Lebanese Spinach Pies
- In a small bowl, sprinkle yeast over the water. Let sit for a minute before stirring to combine. Let sit until frothy, about 10 minutes. In the bowl of a large food processor fitted with a dough blade, combine flour, sugar, and salt. Gradually stir in the oil, then the yeast and water combo, until dough comes together.On a lightly greased surface, knead until smooth and elastic.
- Heat a large pan over medium heat and drizzle with about 1 tablespoon olive oil. Add spinach and cook until just wilted. Remove to colander and squeeze out all excess moisture.
- In a medium bowl combine onions with sumac, salt, paprika, black pepper and cayenne. Let sit for 5-10 minutes. Squeeze all excess moisture.
- In a small bowl combine lemon juice, olive oil, and pomegranate molasses. Pour over the filling ingredients until just moistened, not wet.

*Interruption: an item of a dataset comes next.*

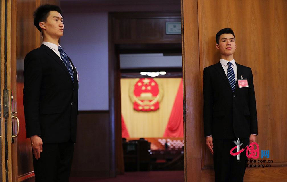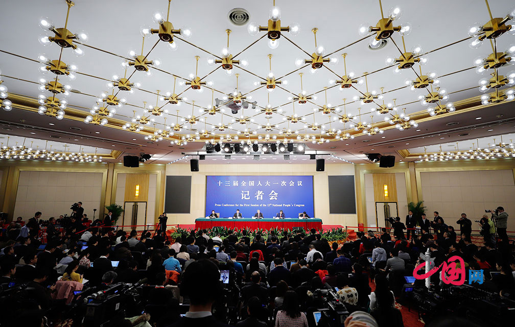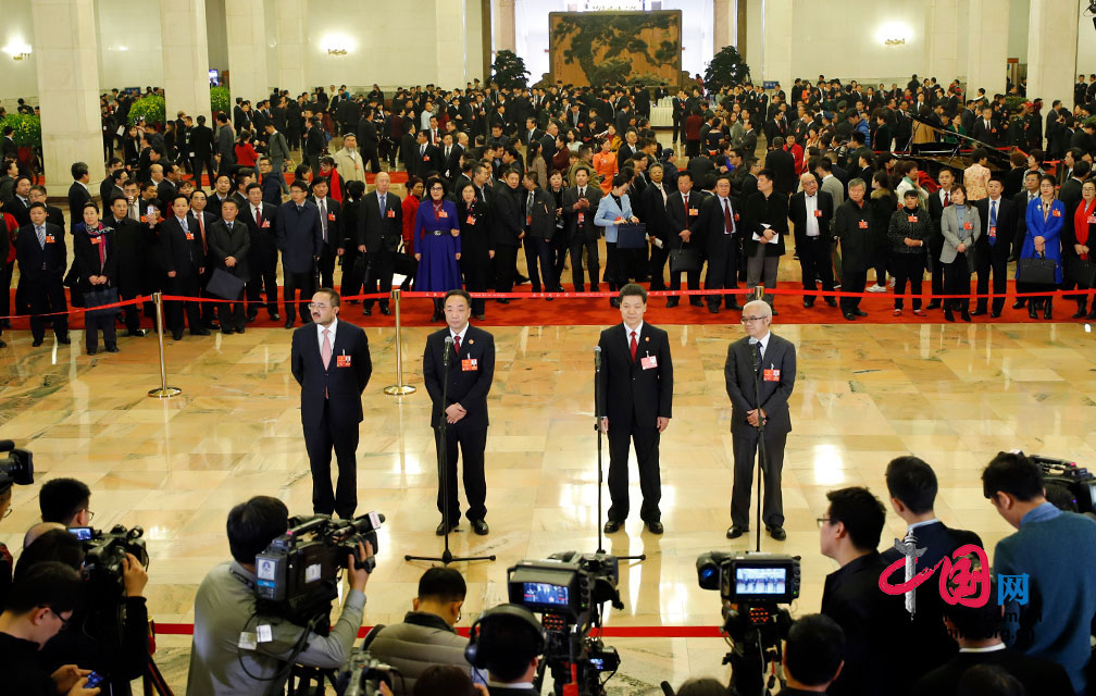 3月9日,十三届全国人大一次会议第二场“代表通道”在人民大会堂中央大厅北侧举行。中国网 杨佳摄影

- Preheat oven to 350ºF. Line two baking sheets with parchment paper (or lightly grease). Divide the dough in half, covering one half as you work. On a large, oiled work surface, roll half the dough until thin, 1/16 to 1/8 of an inch. Use a 4 inch wide circle cutter to cut out circles. Place 1 tablespoon filling in the center of each. Pinch together three edges of the circle over the center of the filling. Seal down one side, then across the other to form a pyramid shape. Place on the prepared baking sheet and repeat with remaining circles and other half of dough.
- Bake in preheated oven until golden, 15-20 minutes. Let cool slightly before serving.